10.13.2021

HISTORY OF CLOTHING (1946-1960)



During World War II (1939–45) fashion had taken a backseat to the war effort, and dress designers had been severely limited in what they could make as governments placed severe restrictions on the kinds and amounts of cloth designers could use. In the fifteen years that followed the end of the war, fashions in the West went through a series of sweeping changes. Women’s fashions reached levels of richness and luxury that had not been seen since the turn of the previous century. In addition, fashions across Europe and the United States highlighted women’s femininity and Paris, France, reclaimed its spot as the fashion capital of the world.

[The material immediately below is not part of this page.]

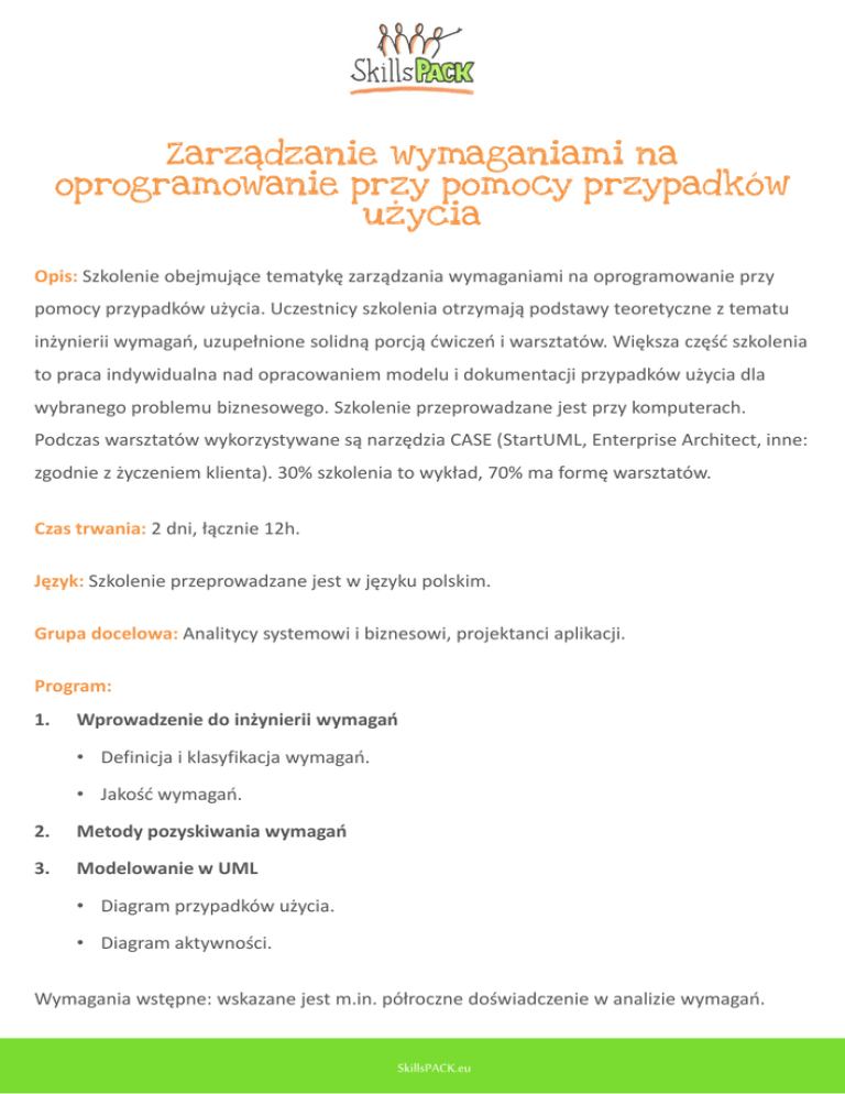 Zarządzanie wymaganiami na oprogramowanie przy pomocy przypadków użycia Opis: Szkolenie obejmujące tematykę zarządzania wymaganiami na oprogramowanie przy pomocy przypadków użycia. Uczestnicy szkolenia otrzymają podstawy teoretyczne z tematu inżynierii wymagań, uzupełnione solidną porcją ćwiczeń i warsztatów. Większa część szkolenia to praca indywidualna nad opracowaniem modelu i dokumentacji przypadków użycia dla wybranego problemu biznesowego. Szkolenie przeprowadzane jest przy komputerach. Podczas warsztatów wykorzystywane są narzędzia CASE (StartUML, Enterprise Architect, inne: zgodnie z życzeniem klienta). 30% szkolenia to wykład, 70% ma formę warsztatów. Czas trwania: 2 dni, łącznie 12h. Język: Szkolenie przeprowadzane jest w języku polskim. Grupa docelowa: Analitycy systemowi i biznesowi, projektanci aplikacji. Program: 1. Wprowadzenie do inżynierii wymagań • Definicja i klasyfikacja wymagań. • Jakość wymagań. 2. Metody pozyskiwania wymagań 3. Modelowanie w UML • Diagram przypadków użycia. • Diagram aktywności. Wymagania wstępne: wskazane jest m.in. półroczne doświadczenie w analizie wymagań. SkillsPACK.eu Trener W branży IT ponad 10 lat. Posiada międzynarodowe doświadczenie w zakresie analizy biznesowej oraz inżynierii wymagań, zarządzania jakością i zarządzania projektami: pracowała dla wiodących organizacji finansowych w RPA, Holandii, Austrii, Słowacji, Włoszech i w Polsce. Podczas swojej kariery pełniła różne role, od testera, przez technical writera, po kierownika projektów R&D, co umożliwiło jej poznanie wielu aspektów realizacji projektów IT i nauczyło postrzegania podejmowanych tematów z różnych punktów widzenia. Karolina Zmitrowicz Praca w międzynarodowych, wielokulturowych zespołach projektowych wykształciła w Karolinie nie tylko umiejętności efektywnego planowania, koordynacji złożonych działań, ale i doskonałe umiejętności interpersonalne. Autorka wielu artykułów, książek z obszaru inżynierii wymagań oraz testowania: „Inżynieria wymagań w praktyce” (PWN 2014) „Analityk systemów” (PWN 2015) „Tester oprogramowania” (PWN 2015) „Jakość projektów informatycznych. Rozwój i testowanie oprogramowania” (Helion 2015) Posiada certyfikaty: REQB, IQBBA, IBUQ, ISTQB. Ponadto jest certyfikowany audytorem systemów zarządzania jakością zgodnych z ISO 9001. Czynnie wspiera prace Stowarzyszenia Jakości Systemów Informatycznych działając w grupach roboczych ISTQB i REQB. Bierze też udział w pracach nad rozwojem programu certyfikacji IQBBA. Wykłada przedmioty związane z testowaniem oprogramowania na Wyższej Szkole Bankowej w Gdańsku oraz prowadzi studia podyplomowe „Inżynieria wymagań w projektach informatycznych”. SkillsPACK.eu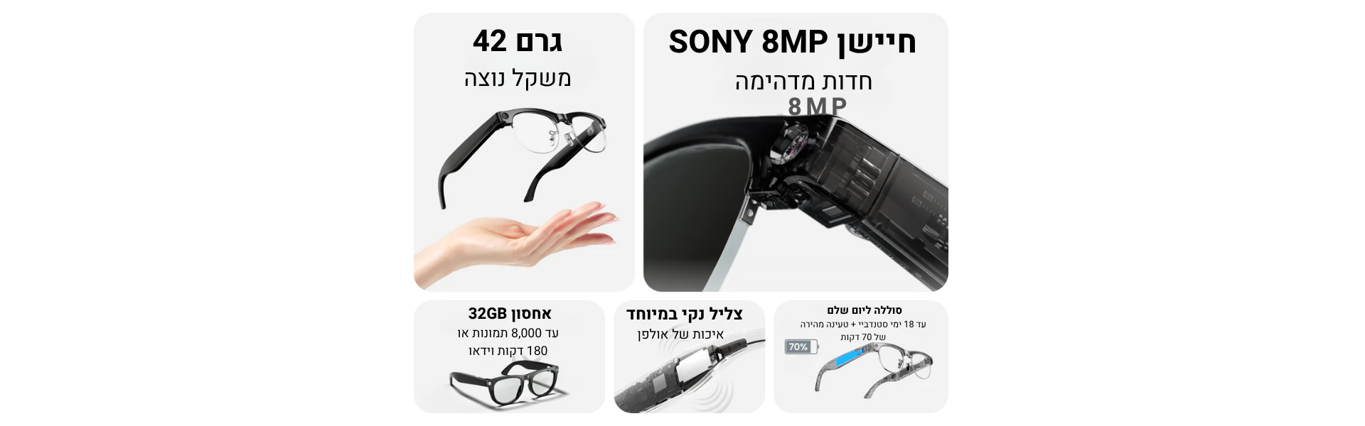 סוללה עוצמתית לשימוש יומיומי – עד 8 שעות מוזיקה ושיחות או 3 שעות צילום רצוף, עם טעינה מהירה של כ־70 דקות בלבד.

In 1947 French designer Christian Dior (1905–1957) introduced a collection of women’s clothes that shattered all the wartime rules. Called the New Look, this collection was most notable for its long, billowing skirts with many pleats. One of his dresses used fifteen yards of fabric. Many people were offended by the excess of Dior’s collection. They felt his dresses were an insult to a world economy that was still deeply troubled after the war. But Dior’s New Look soon became extremely popular. Wealthy women clamored to wear his dresses, and manufacturers soon copied his styles, introducing a range of clothing modeled on the New Look. For the next seven years, Dior’s look, which included soft, rounded shoulders, a narrow waist, and accessories like gloves and umbrellas, was the single biggest influence on fashion.

Dior’s New Look was part of a larger return to femininity across the Western world. The war years had forced women into unusual roles. Many worked outside the home for the first time, and the clothes they wore did not accentuate their female forms. As men returned from the war to claim jobs and start families, women also returned to more traditional roles. During the Great Depression (1929–41) and World War II women’s magazines had emphasized career advice for women, but following the war they focused much more on beauty and fashion. Advertising increased greatly and showed women how they could use makeup, accessories, and clothing to make themselves more appealing. All of these influences helped encourage women to choose more feminine clothing.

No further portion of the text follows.